Perkuatan Reformasi Birokrasi (Peningkatan EODB) 2015: 103 menjadi 2020: 73. Perkuatan Program Kesejahteraan Sosial (Prevalensi Stunting %) 2015: 29,0%, 2022: 21,6%. Hilirisasi Sumber Daya Mineral (Nikel), Ekspor (HS 75) Nikel dalam US$. 2015: 800 Juta, 2022: 6 Miliar. Presiden Joko Widodo dan Pemerintahan yang beliau pimpin sejak 2014 telah melaksanakan berbagai program yang menghasilkan fondasi ekonomi dan sosial yang sangat kuat.
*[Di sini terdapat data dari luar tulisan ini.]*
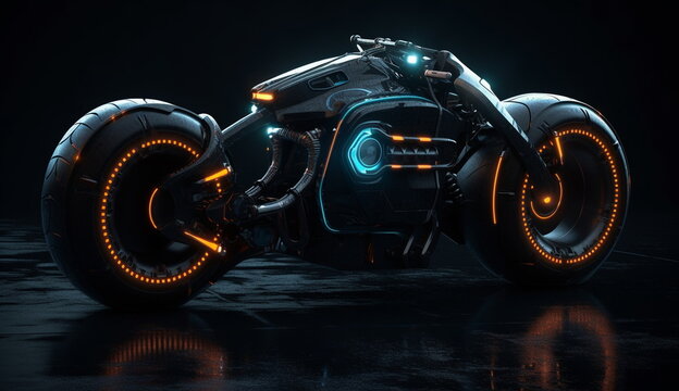 Realistic cyberpunk motorbike in dark mood. Big vehicle bike with cool futuristic design, vivid color scheme. Fictional model. Made with Generative AI
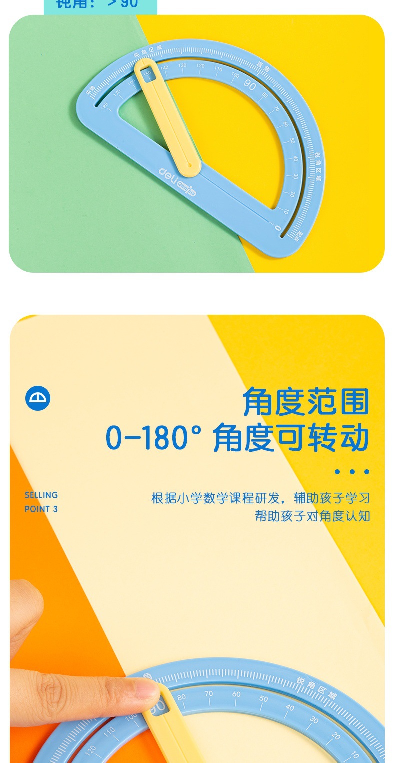 델리 YX531 학습도구 360 ° 초등학생을 위한 활동 각도기 다기능 자 세트 1, 2, 4학년스토어 가기
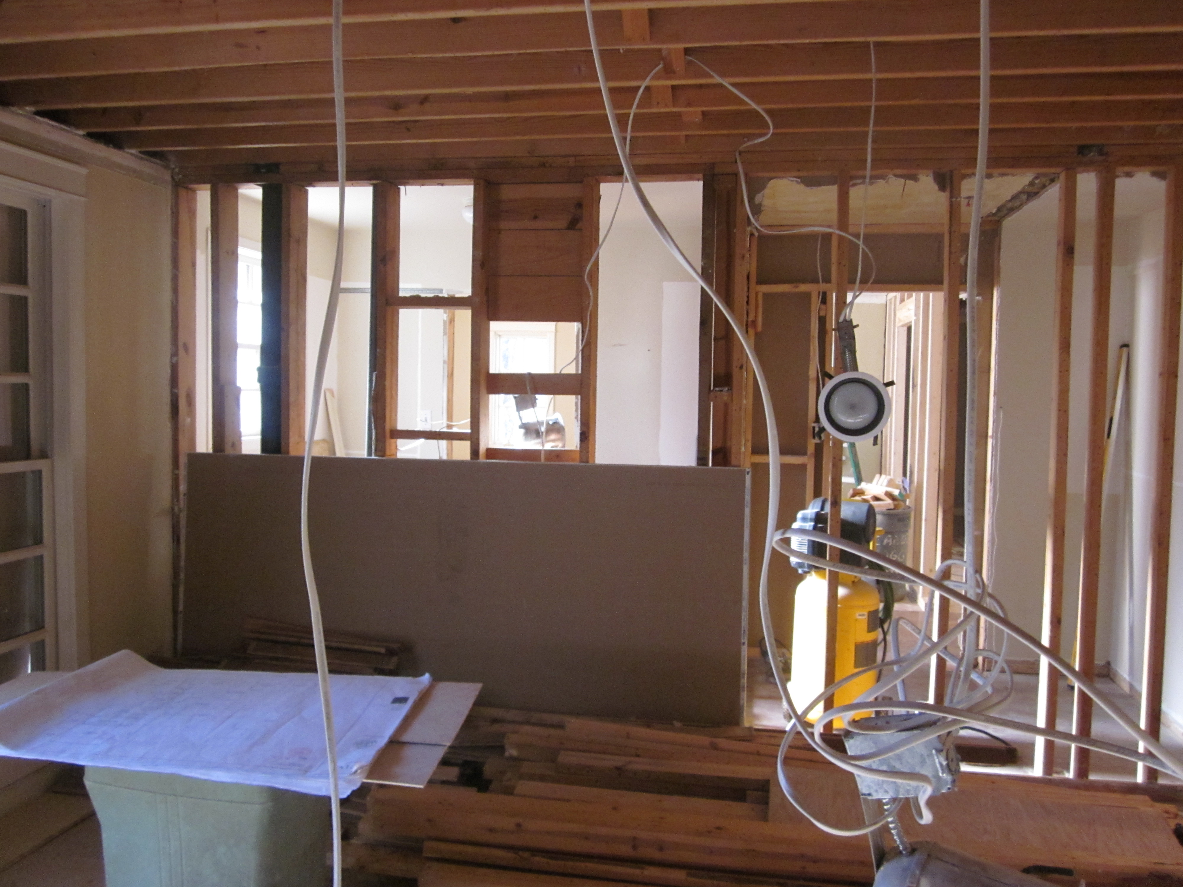 Should I venture to step out the patio door now, I would fall into a five foot pit of old bricks, broken up cement, spiky, metal rods and rotten boards filled with rusty nails. Inside, the walls have been sledge hammered out into piles of rubble. Now, there is a panoramic view from the living room smack into the master. Well. . .we were looking for more light. Now we have it.

Pencapaian ekonomi era Presiden Joko Widodo juga dilanjutkan dan diperkuat dari era Presiden sebelumnya, yaitu Presiden Susilo Bambang Yudhoyono. Di era Presiden Susilo Bambang Yudhoyono, terdapat berbagai capaian seperti peningkatan pembangkit listrik, peningkatan jalan umum, kapasitas bendungan, pengembangan bandara, pelabuhan, peningkatan pendapatan per kapita, penurunan tingkat kemiskinan, peningkatan rasio Gini, peningkatan kemudahan berusaha, peningkatan kesejahteraan sosial, peningkatan hilirisasi sumber daya mineral, pembangunan destinasi pariwisata, dan penerapan kebijakan BBM satu harga.
Semua pencapaian ini menunjukkan bahwa Indonesia telah mengalami kemajuan ekonomi yang signifikan di bawah pemerintahan Presiden Susilo Bambang Yudhoyono dan Presiden Joko Widodo. Keduanya telah memberikan kontribusi yang besar bagi kemakmuran dan kesejahteraan rakyat Indonesia, serta menjadikan Indonesia sebagai negara yang kuat dan terhormat di mata dunia. Dengan melanjutkan pembangunan yang telah dimulai oleh para pemimpin sebelumnya, Indonesia memiliki potensi besar untuk mencapai cita-cita kemerdekaan yang diinginkan oleh para pendiri bangsa.